Однако я заметил, что всякий раз, когда дважды в месяц Пюибаро являлся к нам и если визит его оканчивался вручением пресловутого конверта, между моим бывшим наставником и моей мачехой велись вполголоса долгие споры, изредка прерываемые глухими возгласами. В голосе Пюибаро преобладали настойчивые, умоляющие ноты, а мачеха отвечала обычным своим упрямым тоном отказа и отрицания, столь хорошо мне знакомым. А иногда говорила только она одна тоном человека, диктующего свои законы существу низшему, вынужденному помалкивать. «Вы отлично знаете, что так оно и будет, раз я того хочу, и вам придется подчиниться! — крикнула она однажды так громко, что я расслышал каждое ее слово. — Я сказала, я того хочу, однако я плохо выразилась, ибо мы не должны делать того, чего хотим, а лишь то, чего хочет бог; поэтому не надейтесь, что я вечно буду вас покрывать».

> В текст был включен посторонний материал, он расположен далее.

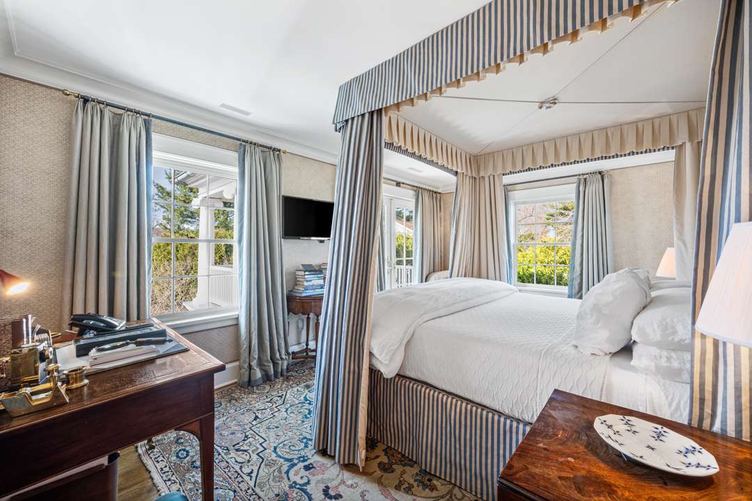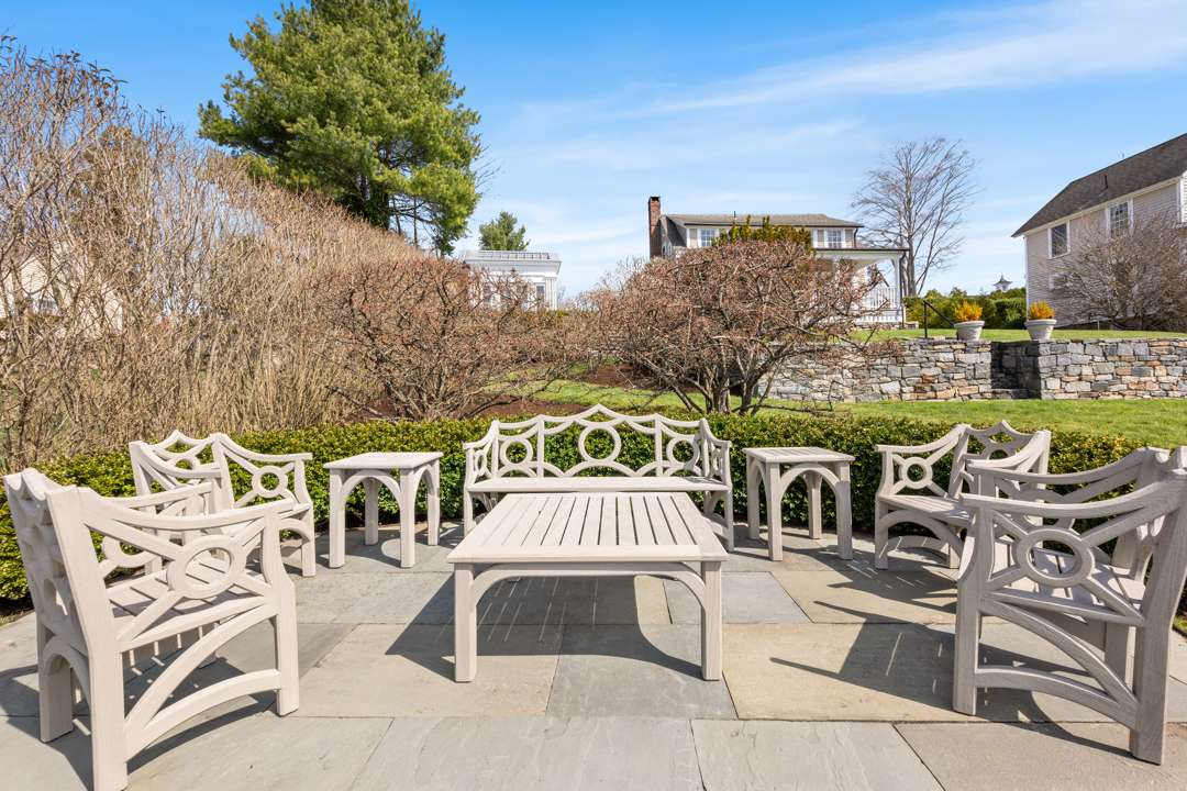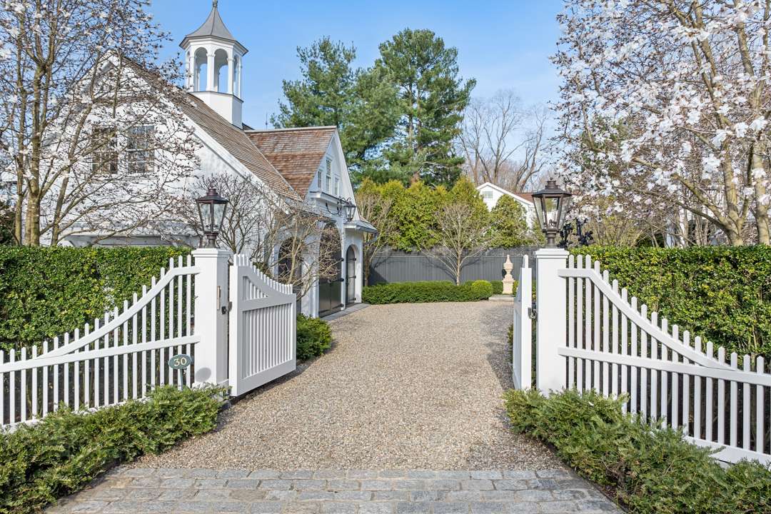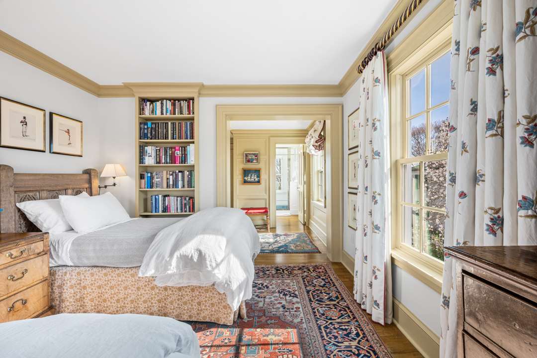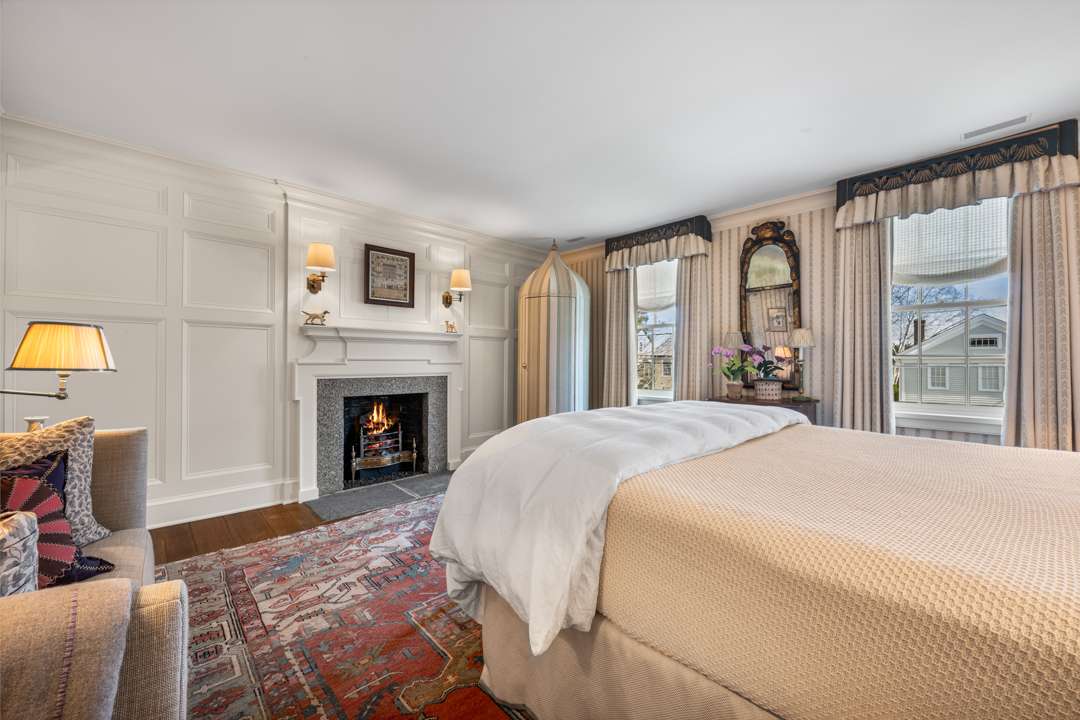 The residence shines with details like a hand-painted mural in the dining room, a brownstone fireplace, kitchen with top-of-the-line appliances, and a 1,100-bottle wine cellar in the basement. Upstairs, which is accessible via staircase or elevator, are three ensuite bedrooms. The quarter-of-an-acre grounds were thoughtfully brought to life by Carol Orr, who designed a series of outdoor rooms: A secret garden, rose garden, auto court garden, urn garden, loft garden. There is an additional bedroom suite above the garage and a “summer house” overlooking the river.

В ответ мой бывший наставник, невзирая на то, что буквально всем был обязан моей мачехе и полностью от нее зависел материально, упрекнул ее в том, что она следует не духу, а букве закона, короче, забылся до того, что заявил, будто ближние должны расплачиваться за ее требовательную совесть и что именно за их счет она демонстрирует щепетильность и непреклонность своих моральных устоев. И добавил, что не уйдет, пока не добьется от нее того, что просит. (Через дверь я не мог разобрать, о чем именно идет речь.) Мачеха в ярости крикнула, что, раз он так ставит вопрос, уйдет она. Я услышал, как она выплыла из гостиной, довольно громко хлопнув дверью. А через несколько минут господин Пюибаро, бледный как мертвец, зашел ко мне в комнату. В руках он держал конверт, который, как я догадываюсь, она швырнула ему в физиономию. Панталоны туго обтягивали его костистые колени. Крахмальных манжет он не носил. Пластрон да черный галстук — единственное, что уцелело от того одеяния, в каком он щеголял в коллеже.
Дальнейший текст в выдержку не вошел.